Más abajo, un grupo de figuras humanas se agita en una zona más oscura y terrenal. Se distinguen personajes ataviados con hábitos religiosos, algunos sosteniendo objetos simbólicos como cruces o libros. Sus expresiones varían desde la devoción hasta la súplica, sugiriendo una petición o intercesión ante la divinidad representada arriba. En la parte inferior de la composición, se aprecia un grupo de figuras que parecen ser derrotadas o castigadas, con gestos de dolor y desesperación. Su presencia contrasta fuertemente con la alegría y el júbilo del cielo, estableciendo una clara dicotomía entre el bien y el mal, la salvación y el castigo.
La composición es dinámica y teatral, con un uso magistral de la luz para crear profundidad y dramatismo.
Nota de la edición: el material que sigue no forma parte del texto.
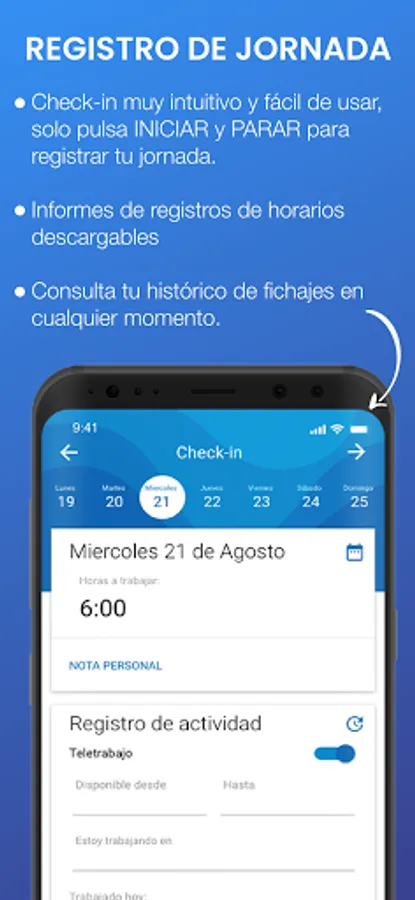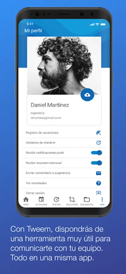 With tweem you can not only record your workday, but also manage your calendar, activities, overtime and everything you may need to organize your work.
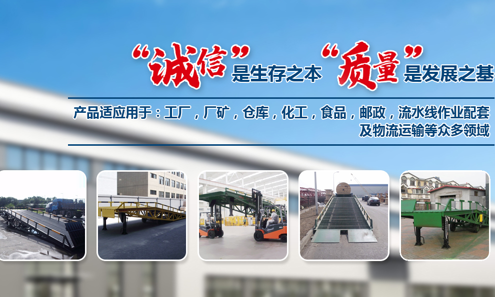 隨著國(guó)內(nèi)及國(guó)際市場(chǎng)需求的不斷擴(kuò)大,公司也在不斷引進(jìn)國(guó)內(nèi)外的先進(jìn)技術(shù)來充實(shí)自身。公司先后設(shè)計(jì)研發(fā)出了,大小型貨車配裝的:汽車液壓尾板,叉車裝卸貨用的:移動(dòng)式登車橋;庫房外貨臺(tái)配裝的:固定式液壓升降平臺(tái)(貨臺(tái)高度液壓調(diào)節(jié)板);庫房?jī)?nèi)外高層輸送貨物:導(dǎo)軌式升降貨梯,液壓升降平臺(tái),旋轉(zhuǎn)液壓升降臺(tái),及百噸位大型升降臺(tái),等多種的先進(jìn)裝卸裝備,適應(yīng)用于:工廠,廠礦,倉庫,化工,食品,郵政,流水線作業(yè)配套及物流運(yùn)輸?shù)缺姸囝I(lǐng)域。

La perspectiva es ascendente, guiando la mirada del espectador hacia lo alto, enfatizando la idea de elevación espiritual y redención. El autor ha empleado una técnica que combina el realismo en los detalles de las figuras con una idealización de sus formas, buscando transmitir tanto la humanidad como la divinidad de los personajes representados.
Subyacentemente, la obra parece explorar temas de fe, redención, juicio final y la lucha entre el bien y el mal. La presencia de las figuras religiosas sugiere un contexto religioso específico, posiblemente relacionado con una orden o advocación particular. La disposición de los elementos en la composición invita a la reflexión sobre la fragilidad humana frente al poder divino y la esperanza de salvación que se ofrece a aquellos que buscan la gracia. El contraste entre la luz y la oscuridad refuerza esta idea, simbolizando el camino hacia la iluminación espiritual.